RECORDS FOR PROCESSING below:

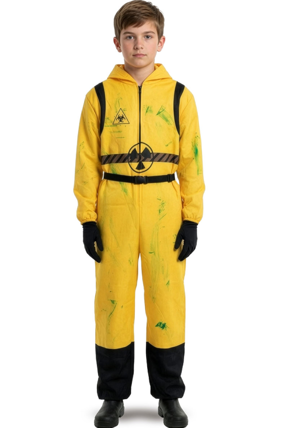 Детски костюм Radioactive се състои от гащеризон с качулка и колан, изработени от плат. Подходящ за Хелоуин, парти, карнавал, училищни празненства и забави. Предлага се в размер VIII. | Размер | V | VI | VII | VIII | | Години | 6-7 г | 8-9 г | 10-11 г | 12-13 г | | Височина | 126 см | 138 см | 148 см | 158 см | | Рамене - земя | 106 см | 118 см | 128 см | 138 см | | Ръкав | 47 см | 52 см | 54 см | 56 см | | Дължина панталон | 72 см | 78 см | 85 см | 92 см |
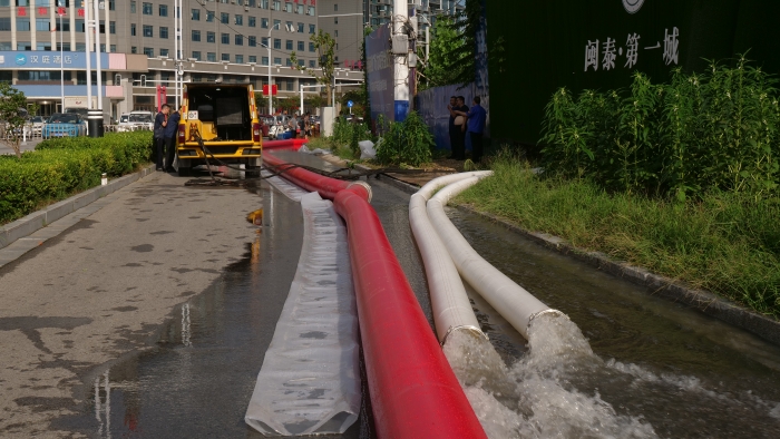 調試車輛、鋪設水帶、檢查管路,現場排水作業緊鑼密鼓地進行著。XGH5030TPSQ6爭分奪秒與時間賽跑,每臺車流量超600m3/h,最大可達1000m3/h,將積水源源不斷地排入下水道中。
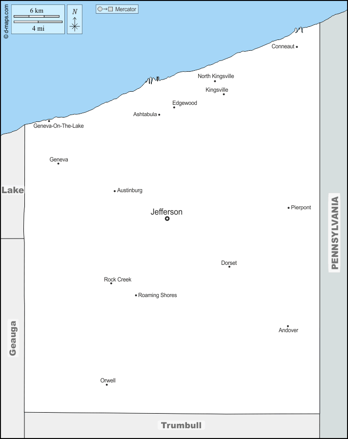 d-maps > 美国 > 俄亥俄州 > 阿什塔比拉县 > 边界, 主要城市, 名称
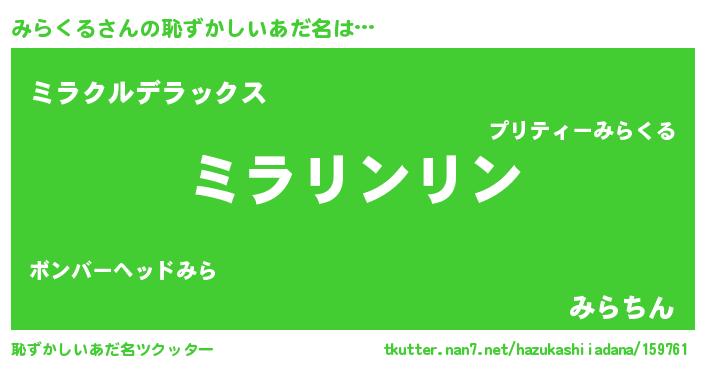 | ヘコむあだ名 | 『みら太郎』『みらくる(震え声)』 |
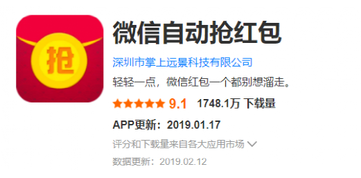 红星资本局发现,除微信自动抢红包之外,掌上远景还推出过一款名为“红包快手”的APP,也具有自动抢红包功能。
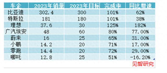 2023年中國新能源汽車市場競爭激烈,頭部車企普遍完成年度銷量目標(biāo),但其他新勢力車企表現(xiàn)不佳,與頭部車企的增速相比普遍偏低,部分甚至出現(xiàn)負(fù)增長。
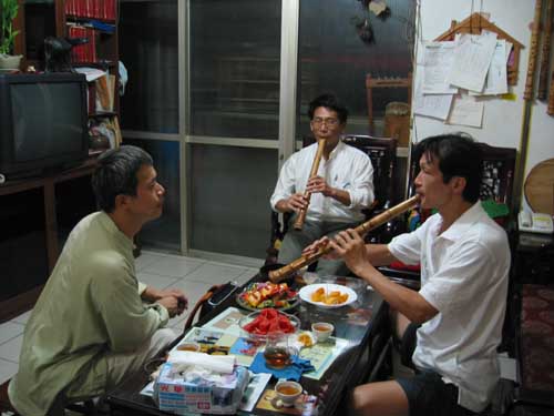 翻一下活動剪影中[洞簫與古琴雅集]紀錄,徐老師指導吹簫用氣下沉.
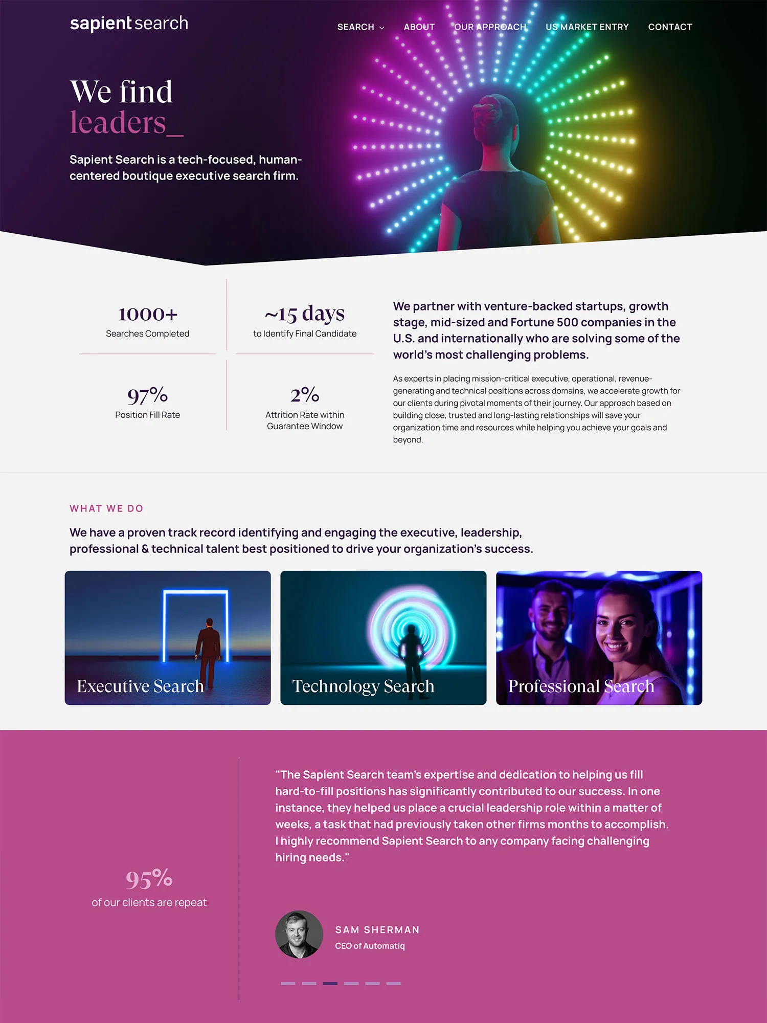 Sapient Search Group is a tech-focused, human-centered boutique executive search firm in NYC with a reputation for excellence and delivery. With expertise across executive, technical, and professional roles, they work with venture-backed startups, growth-stage companies, and Fortune 500 firms to place top-tier talent in industries such as software, healthcare, government, and financial services.
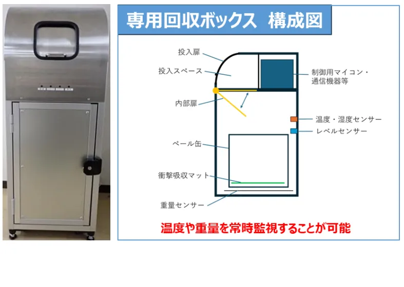 今回の実証試験には、荏原環境プラント株式会社が温度・重量センサー付き専用回収ボックスを提供する他、株式会社電知およびエムケー工業株式会社が消火機能付き専用ボックスを提供します。これらの企業との連携により、住民に対してより安全で信頼性の高い回収システムを提供することが可能になります。
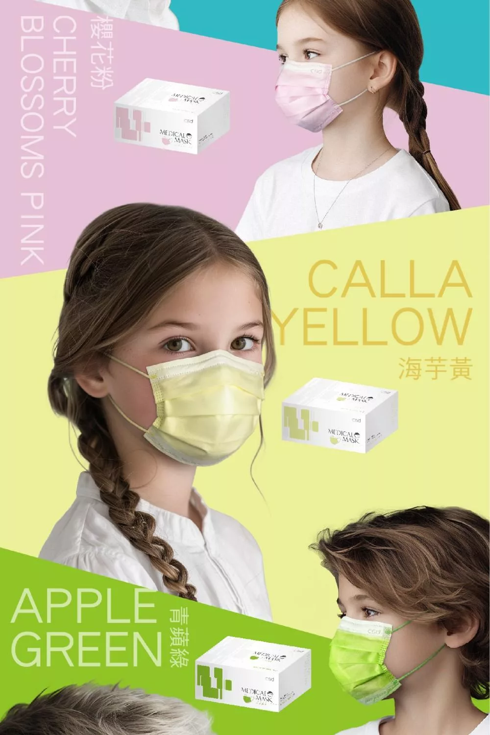 【CSD】中衛醫療口罩-兒童平面-月河藍+炫綠 (30片/盒)
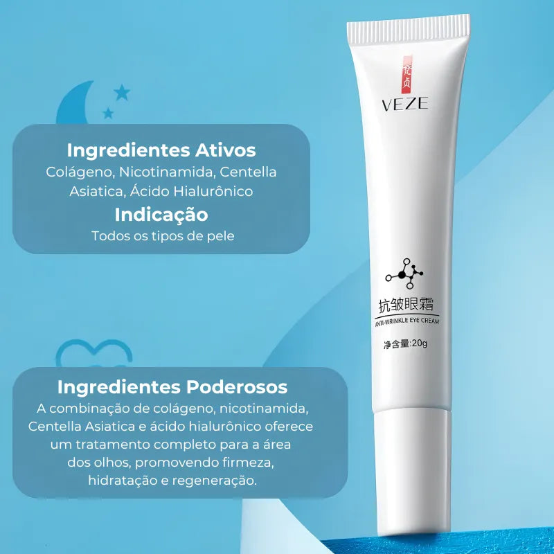 • Ingredientes Poderosos: A combinação de colágeno, nicotinamida, Centella Asiática e ácido hialur oferece um tratamento completo para a área dos olhos, promovendo firmeza, hidratação e regeneração.
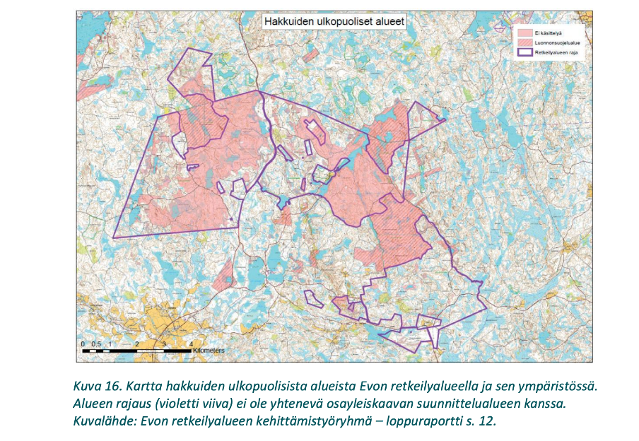 Kuva: Evon retkeilyalueen kehittämistyöryhmän loppuraportti (s. 12 ) Kartta hakkuiden ulkopuolisista alueista Evon retkeilyalueella ja sen ympäristössä.

End of RECORDS FOR PROCESSING.

*EXERCISE PROMPT*: Write out again, exactly, the lines from the start of the listing up to the line containing "翻一下活動剪影中[洞簫與古琴雅集]紀錄,徐老師指導吹簫用氣下沉.", with both ends and without pictures.

*RESULT FOR THIS TASK*:
 Детски костюм Radioactive се състои от гащеризон с качулка и колан, изработени от плат. Подходящ за Хелоуин, парти, карнавал, училищни празненства и забави. Предлага се в размер VIII. | Размер | V | VI | VII | VIII | | Години | 6-7 г | 8-9 г | 10-11 г | 12-13 г | | Височина | 126 см | 138 см | 148 см | 158 см | | Рамене - земя | 106 см | 118 см | 128 см | 138 см | | Ръкав | 47 см | 52 см | 54 см | 56 см | | Дължина панталон | 72 см | 78 см | 85 см | 92 см |
 調試車輛、鋪設水帶、檢查管路,現場排水作業緊鑼密鼓地進行著。XGH5030TPSQ6爭分奪秒與時間賽跑,每臺車流量超600m3/h,最大可達1000m3/h,將積水源源不斷地排入下水道中。
 d-maps > 美国 > 俄亥俄州 > 阿什塔比拉县 > 边界, 主要城市, 名称
 | ヘコむあだ名 | 『みら太郎』『みらくる(震え声)』 |
 红星资本局发现,除微信自动抢红包之外,掌上远景还推出过一款名为“红包快手”的APP,也具有自动抢红包功能。
 2023年中國新能源汽車市場競爭激烈,頭部車企普遍完成年度銷量目標(biāo),但其他新勢力車企表現(xiàn)不佳,與頭部車企的增速相比普遍偏低,部分甚至出現(xiàn)負(fù)增長。
 翻一下活動剪影中[洞簫與古琴雅集]紀錄,徐老師指導吹簫用氣下沉.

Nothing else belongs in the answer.